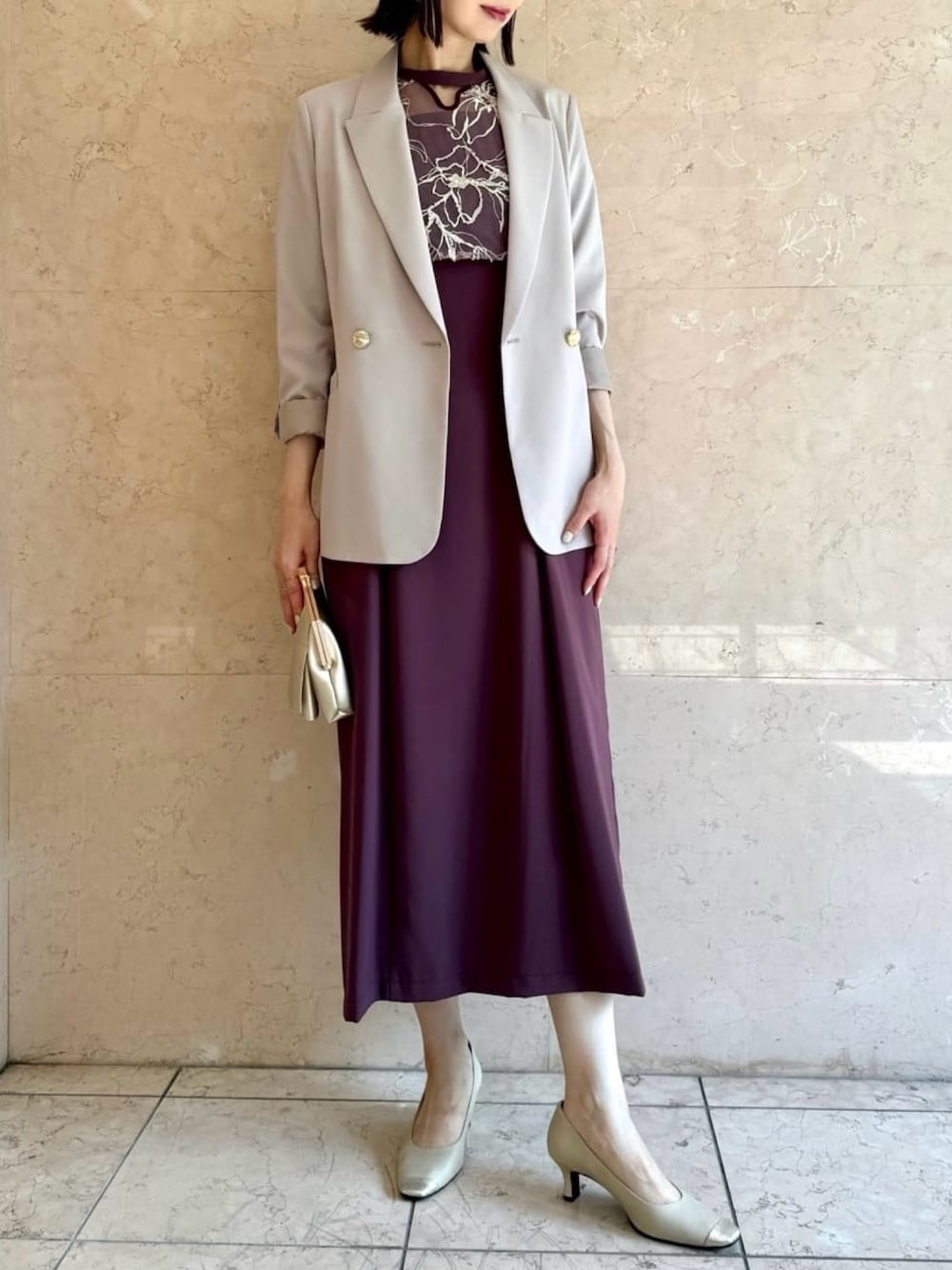 AIMER(AIMER)のドレス「フラワーモール刺繍キーネックブラウス×Iラインキャミソールワンピース 2点セットパーティードレス 結婚式 お呼ばれ ドレス 20代 30代」を使ったコーディネート
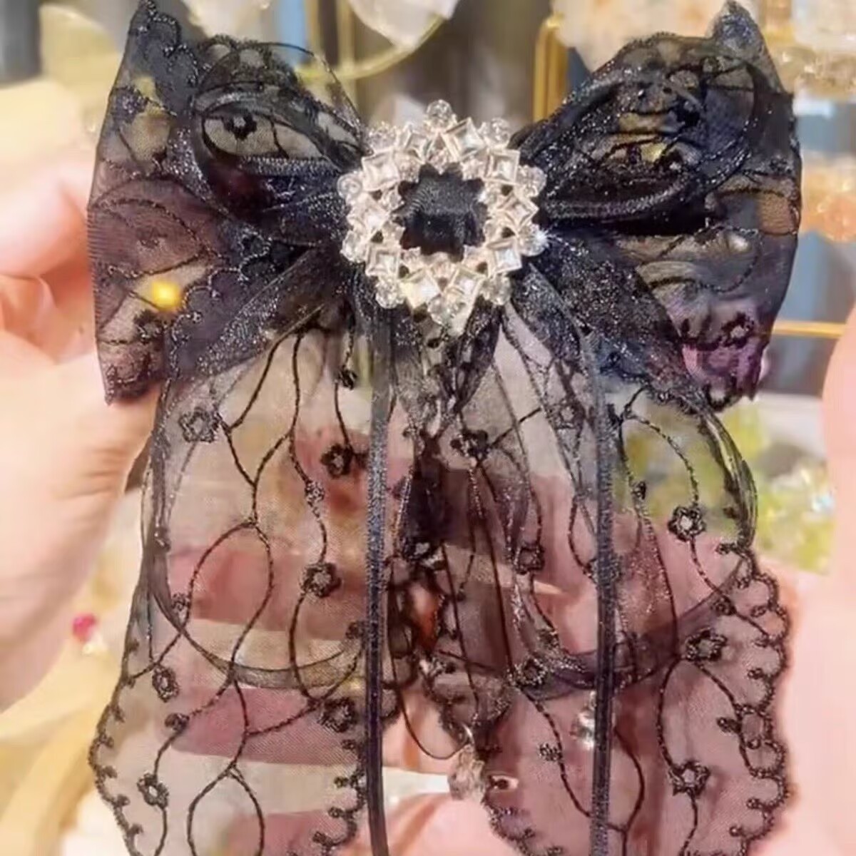 black lace bow spring clip
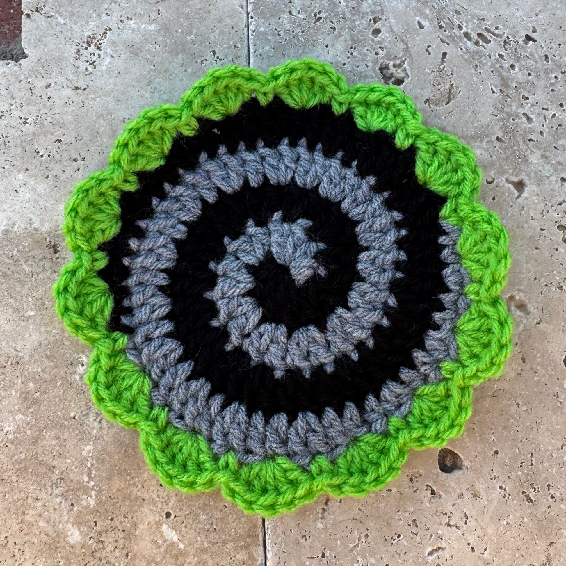Mike hand crochets these coasters. They are about 5" in diameter. However, they are all slightly different. You will get the one in this photo! Ready to ship!! No returns, made with love!
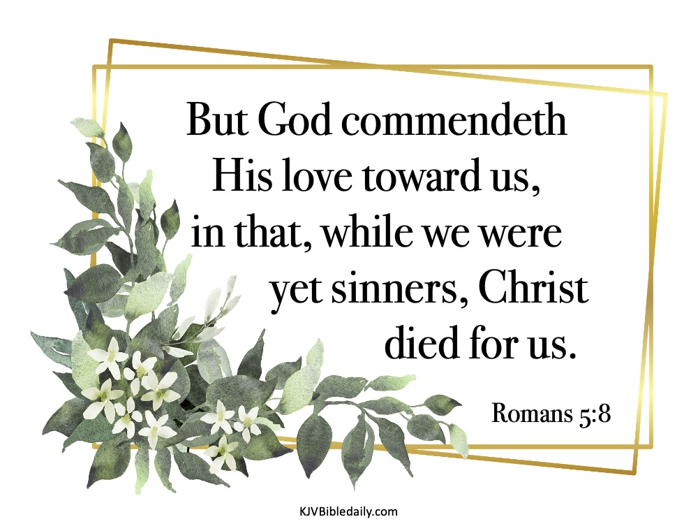 Romans 5:8 KJV Share this:Tweet Share on WhatsApp (Opens in new window) WhatsApp Print (Opens in new window) Print Share on Reddit (Opens in new window) Reddit Email a link to a friend (Opens in new window) Email Share on Tumblr Share on Telegram (Opens in new window) Telegram Like Loading... Related
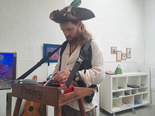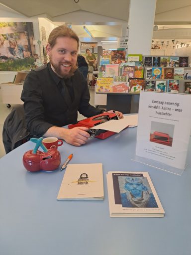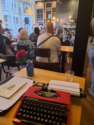 Met mijn Rode typemachine ben ik in te huren voor verschillende gelegenheden. Ik schrijf graag poezie en wil dat ook delen. Om het dichterbij mensen te brengen bedacht ik het concept "Geef mij 10 woorden en ik geef jou een gedicht". Na een tijdje dit te hebben uitgeprobeerd in Woerden in de bibliotheek en Boeken winkel "De Kler". (waar je me nog regelmatig kan vinden.) Heb ik het zelfvertrouwen gevonden om de volgende stap te zetten. Met dat ik dus mobiel ben en op veel plekken terecht kan, ben ik benieuwd naar waar dit avontur mij gaat brengen. Om het dichterschap toegankelijk te maken raad ik het iedereen aan. Om te maken of te lezen. Voor iedere gebeurtenis is wel een gedicht te schrijven. Zelf vind ik het leuk en altijd een verassing welke 10 woorden zijn weg vinden. De enige criteria die ik hanteer is dat de woorden in de "dikke van dale" moeten voorkomen. Bij mij hebben de thema's allemaal wel een keer de revu gepasseerd. Van liefde tot verdriet tot steun tot verjaardag tot gewoon een verzameling onzin. Ik ben per uur in te zetten en probeer altijd een gedicht per 10 minuten te maken. Kijk op deze pagina naar een aantal foto's om een beeld te krijgen wat ik doe. Voor mij is het in essentie cadeautjes maken op papier en af en toe een beetje wijsheid mee te geven. Als het lukt ook wat hoop en kracht. Ik kan natuurlijk ook een gedicht schrijven speciaal voor een gelegenheid, denk aan verjaardag of pensioen of gewoon omdat iemand dat verdient. Een mail sturen met verdere vragen is altijd goed en kan naar Info@reapoetry.nl
————————
Directions
Return the material from the line containing "black lace bow spring clip" through the line containing "Mike hand crochets", exactly and in full, but without its pictures.

Solved problem
 black lace bow spring clip
Mike hand crochets these coasters. They are about 5" in diameter. However, they are all slightly different. You will get the one in this photo! Ready to ship!! No returns, made with love!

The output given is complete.